Overview
Security scanners and vulnerability assessment tools may generate findings related to domain takeover or subdomain takeover conditions for domains hosted on UltraDNS.
These findings can cause concern because they may suggest that a third party can gain control of a domain or subdomain. In many cases, the finding is based on automated detection logic and does not confirm that a takeover vulnerability exists.
This article explains what these reports usually mean, how automated tools commonly generate these findings, and what information should be reviewed before concluding that a domain or subdomain is vulnerable.
What This Means
A domain or subdomain takeover occurs when a third party successfully gains control of DNS or hosting resources associated with a domain that they do not own.
Examples may include:
- A DNS record that points to a cloud service that has been deleted and can be claimed by another party.
- A
CNAMErecord that points to a decommissioned service. - Delegation to infrastructure that no longer belongs to the domain owner.
- Unclaimed cloud resources associated with active DNS records.
A confirmed takeover requires evidence that a third party can actually gain control of the affected resource.
Why Automated Scanners May Flag UltraDNS Hosted Domains
Many automated security tools use fingerprint-based detection methods to identify possible takeover conditions.
These tools commonly review externally observable DNS behavior, such as:
- Nameserver delegation.
- DNS response codes.
- Known provider fingerprints.
- Historical takeover patterns.
The scanner compares the observed behavior against known signatures and generates a finding when a match is detected.
Because automated scanners evaluate externally observable DNS behavior, a reported finding does not by itself confirm that a takeover vulnerability exists.
Understanding REFUSED Responses
One common finding involves authoritative nameservers returning a REFUSED response.
Some scanners may interpret a REFUSED response as evidence that a domain may be unclaimed or available for registration within a DNS provider platform.
A REFUSED response by itself does not indicate that:
- The domain is unowned.
- The zone has been deleted.
- Another customer can claim the domain.
- A takeover has occurred.
A REFUSED response only indicates that the nameserver declined to answer the query under the conditions presented.
Additional validation is required before any takeover conclusion can be made.
Common False Positive Conditions
The following conditions may generate takeover findings that are not confirmed vulnerabilities.
Authoritative Nameservers Returning REFUSED
Automated scanners may classify REFUSED responses as takeover candidates even when the response alone does not prove that the domain can be claimed by another party.

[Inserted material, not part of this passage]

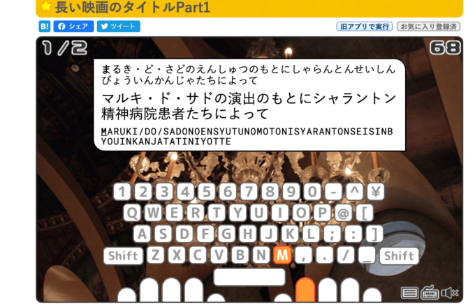 myTypingでゲーム作ったんで、この映画のタイトルを覚えたい・タイピングの練習をしてみたい方はぜひともチェックしてみてください。「・」と「=」が苦手な人には結構いい練習になりますよ。

DNS Provider Fingerprint Matches
Security tools may identify a DNS provider and associate the result with a known takeover pattern without proving that the reported domain is actually vulnerable.

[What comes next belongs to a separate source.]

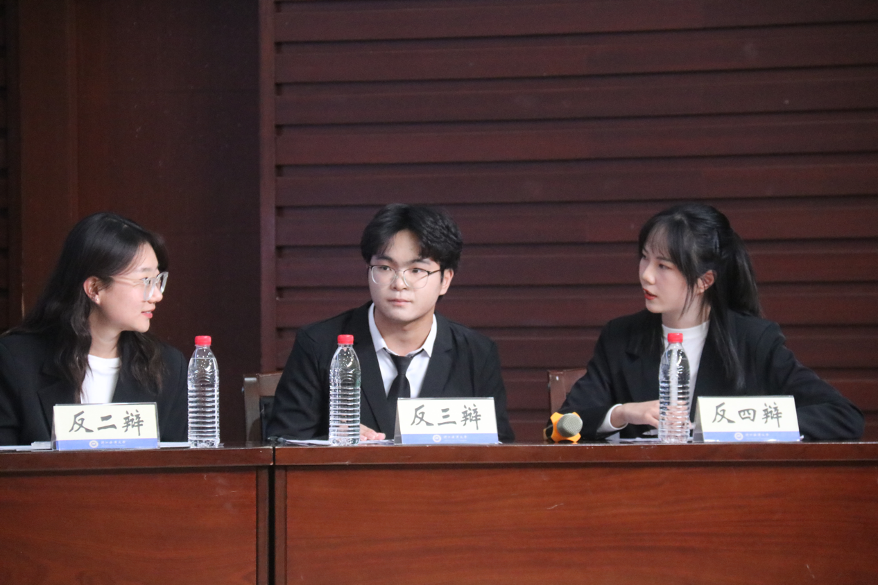 观众席座无虚席,选手们摩拳擦掌。到场的评委和嘉宾有黄色网站 经济系教师、A23数经班主任常乐老师,学院学工办辅导员李金航老师,学院笃行辩论队队长杨宇翔同学,笃行辩论队副队长钱直罕、骆意瑾同学以及各学院辩论队领队。

Proof of Concept Performed on Another Domain
Some reports demonstrate a takeover scenario using a separate test domain controlled by the researcher.
A proof of concept on another domain may demonstrate how a takeover could work in theory. It does not prove that the reported domain can be taken over.

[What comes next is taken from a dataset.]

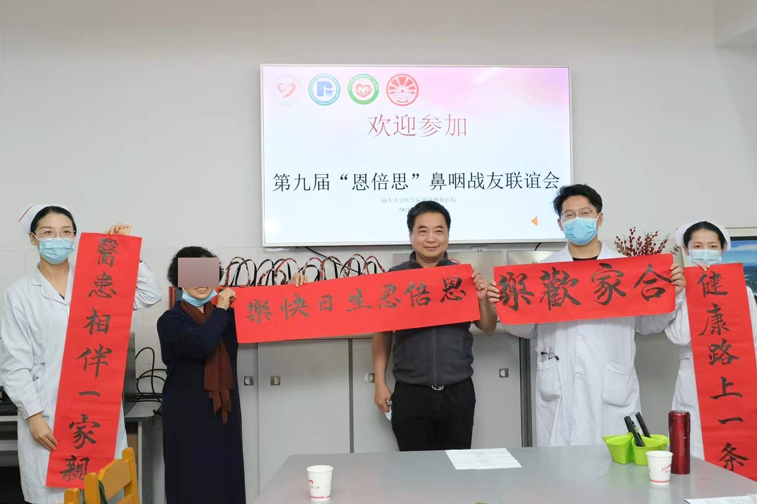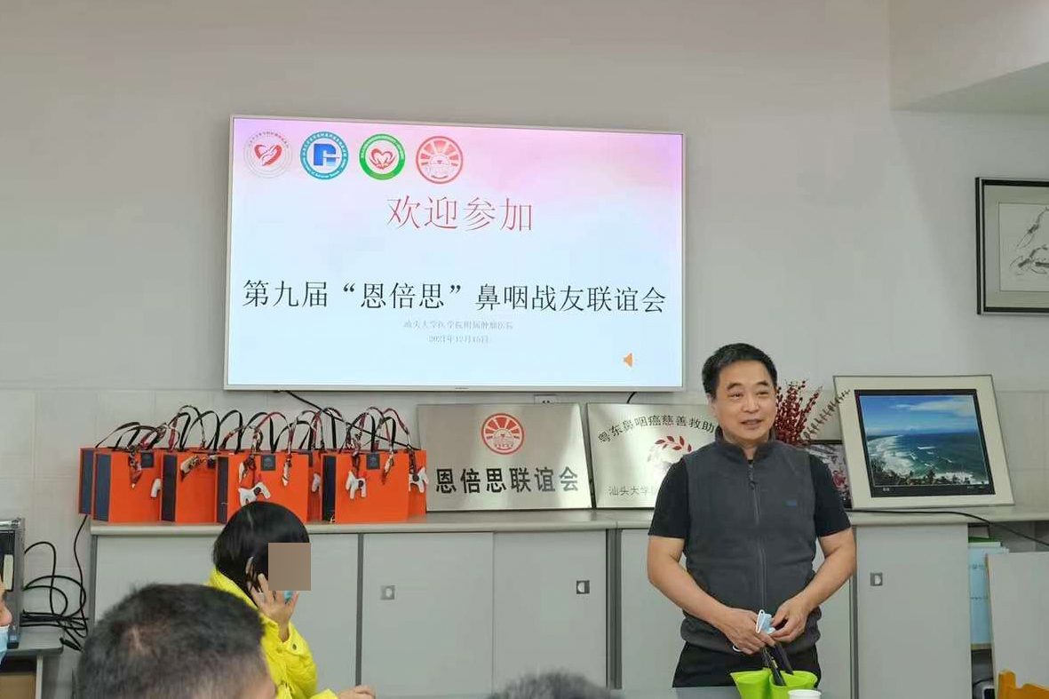 2021年12月15日,我院放疗科筹办的第九届“恩倍思”战友联谊会在 放疗一区示教室如期举行。 当前疫情防控仍刻不容缓,因此本次联谊会决定将住院的鼻咽癌患者作为主要活动对象,同时也邀请了十位汕头本地的老战友携48小时内核酸报告前来赴约。

Automated Takeover Scanner Results
Takeover scanners and DNS fingerprinting tools can help identify possible issues, but scanner output should not be treated as proof of compromise without supporting evidence.
What Constitutes a Valid Takeover Report
A valid takeover report should demonstrate one or more of the following:
- Successful claim of the affected resource.
- Successful creation of DNS records for the reported domain.
- Successful control of the reported hostname.
- Ability to serve content from the affected domain.
- Evidence that ownership protections can be bypassed.
Without this evidence, the finding may represent only a theoretical or unverified condition.
What Information to Provide to Support
If your security team reports a possible domain or subdomain takeover, collect the following information before contacting Support:
- The full vulnerability report.
- DNS query results.
- Screenshots or proof of concept details.
- Hostnames or domains identified as vulnerable.
- Steps used to reproduce the finding.
- Any evidence demonstrating actual control of the reported resource.
Providing this information allows Support to review whether the report reflects a confirmed risk or an unverified scanner-generated finding.
Important Notes
- A domain should not be considered vulnerable solely because a scanner reports a takeover condition.
- A
REFUSEDresponse does not confirm that a domain or zone is unowned, deleted, or claimable by another party. - A DNS provider fingerprint match does not confirm that a takeover can occur.
- A proof of concept performed against a different domain does not prove that the reported domain is vulnerable.
- A valid takeover finding requires evidence that a third party can actually obtain control of the affected domain, subdomain, or associated service.